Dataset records
^^^^^^^^

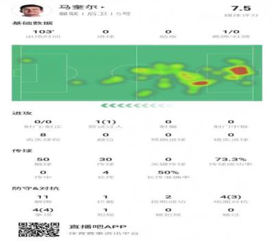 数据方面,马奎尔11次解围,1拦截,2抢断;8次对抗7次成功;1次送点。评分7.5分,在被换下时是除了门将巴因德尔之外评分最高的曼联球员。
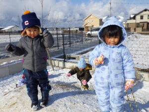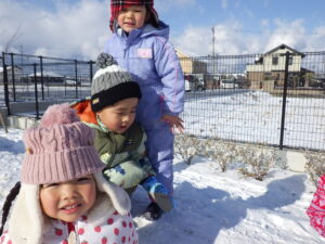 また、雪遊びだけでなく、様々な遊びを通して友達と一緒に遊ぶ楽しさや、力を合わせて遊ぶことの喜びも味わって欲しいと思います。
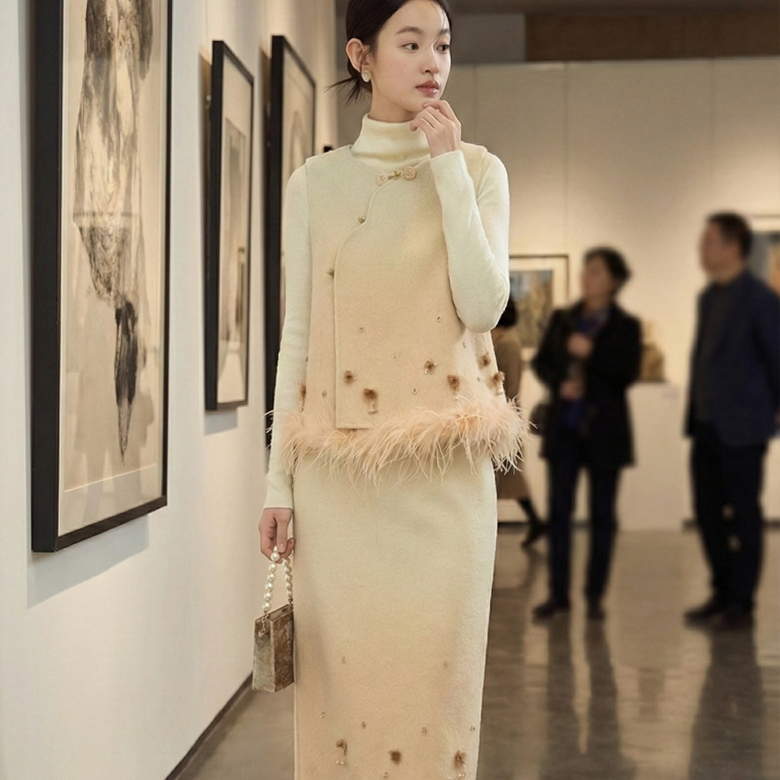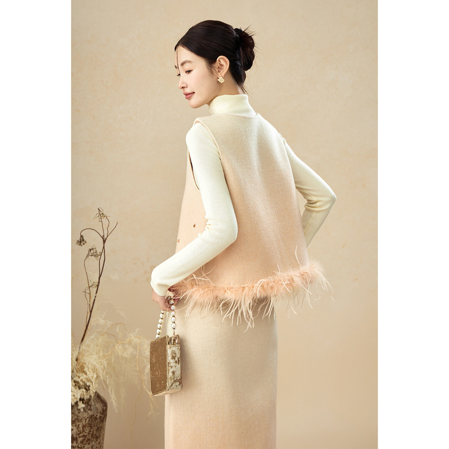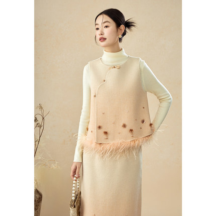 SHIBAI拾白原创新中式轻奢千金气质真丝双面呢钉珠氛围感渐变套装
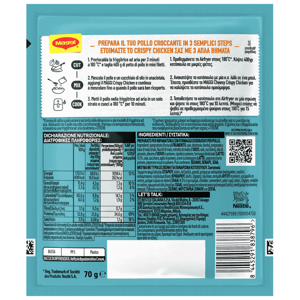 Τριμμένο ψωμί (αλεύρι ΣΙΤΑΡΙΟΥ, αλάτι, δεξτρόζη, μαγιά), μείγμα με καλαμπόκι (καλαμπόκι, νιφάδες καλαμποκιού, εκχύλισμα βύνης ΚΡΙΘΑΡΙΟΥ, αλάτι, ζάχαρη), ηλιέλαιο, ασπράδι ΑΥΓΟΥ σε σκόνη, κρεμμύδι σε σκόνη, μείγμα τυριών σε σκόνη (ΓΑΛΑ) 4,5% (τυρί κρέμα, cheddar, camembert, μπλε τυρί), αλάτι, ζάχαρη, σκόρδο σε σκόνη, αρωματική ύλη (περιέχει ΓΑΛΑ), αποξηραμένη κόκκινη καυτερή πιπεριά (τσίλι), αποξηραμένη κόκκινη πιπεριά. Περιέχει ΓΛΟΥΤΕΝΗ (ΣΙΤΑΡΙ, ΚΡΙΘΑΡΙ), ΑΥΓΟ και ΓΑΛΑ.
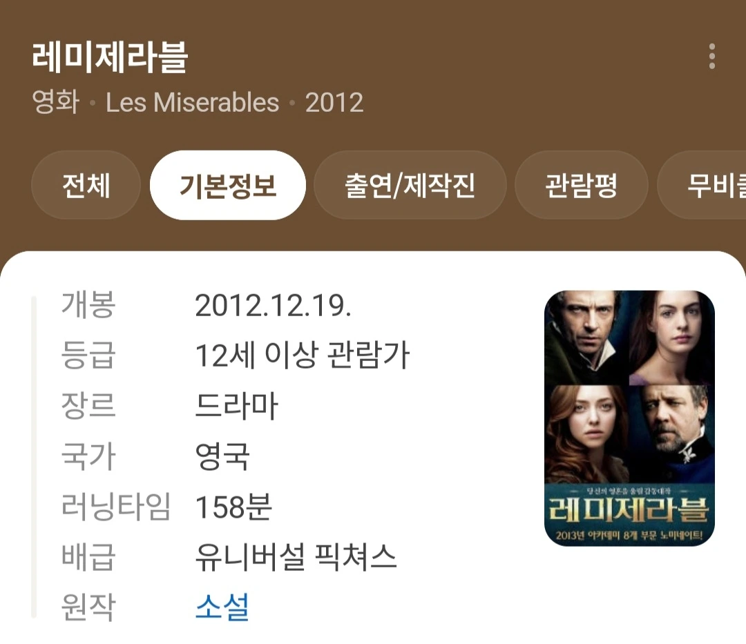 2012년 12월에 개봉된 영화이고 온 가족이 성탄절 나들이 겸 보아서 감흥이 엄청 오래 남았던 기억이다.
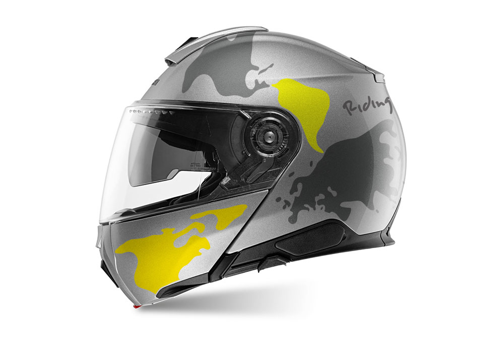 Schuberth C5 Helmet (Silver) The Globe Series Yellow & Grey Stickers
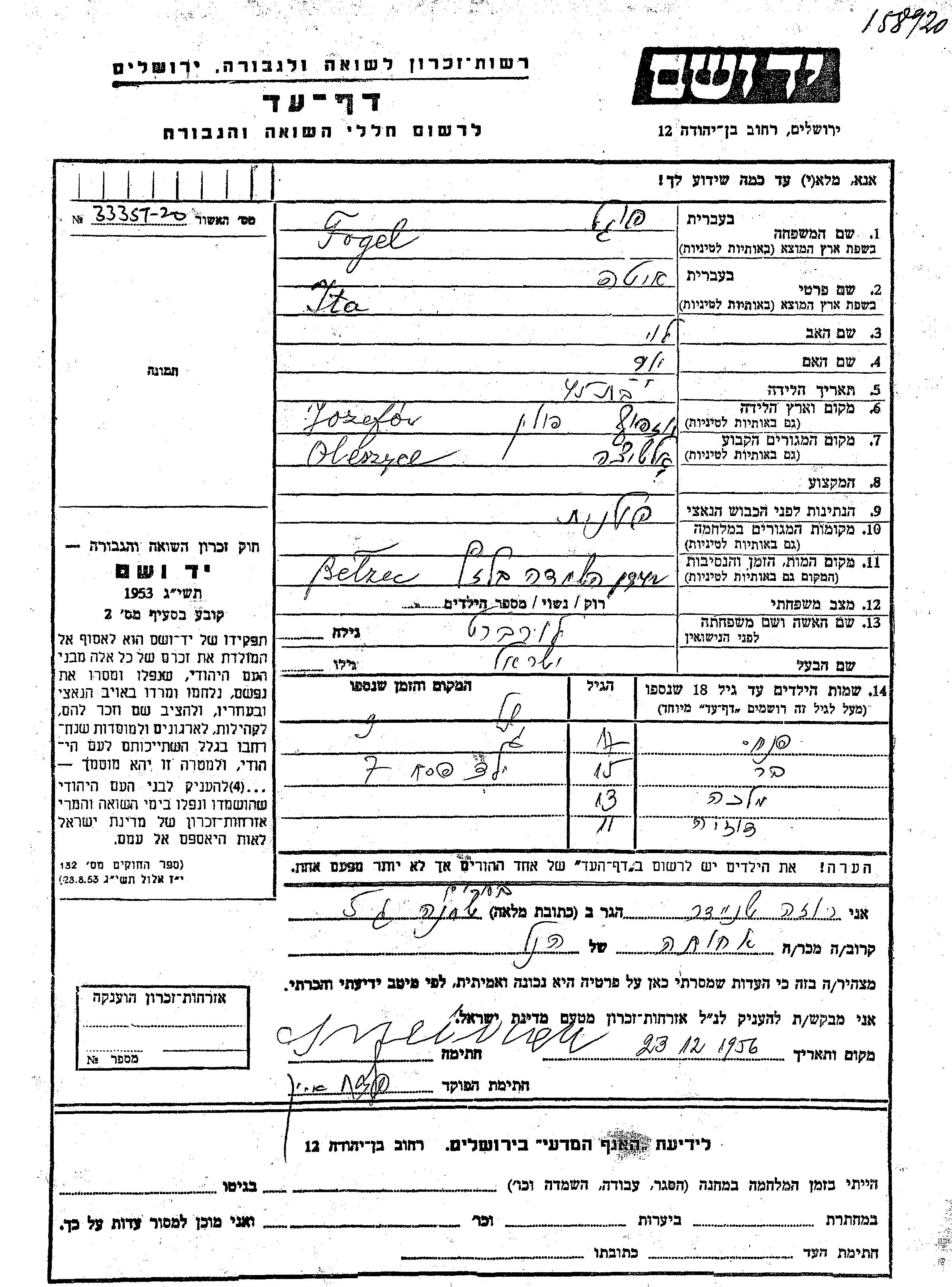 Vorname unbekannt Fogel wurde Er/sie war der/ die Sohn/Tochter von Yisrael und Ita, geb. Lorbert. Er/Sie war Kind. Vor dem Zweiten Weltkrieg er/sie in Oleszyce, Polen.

^^^^^^^^

Only one thing is wanted here, an exact copy of the lines from the first line above through the line containing "SHIBAI拾白原创新中式轻奢千金气质真丝双面呢钉珠氛围感渐变套装", minus any picture.

 数据方面,马奎尔11次解围,1拦截,2抢断;8次对抗7次成功;1次送点。评分7.5分,在被换下时是除了门将巴因德尔之外评分最高的曼联球员。
 また、雪遊びだけでなく、様々な遊びを通して友達と一緒に遊ぶ楽しさや、力を合わせて遊ぶことの喜びも味わって欲しいと思います。
 SHIBAI拾白原创新中式轻奢千金气质真丝双面呢钉珠氛围感渐变套装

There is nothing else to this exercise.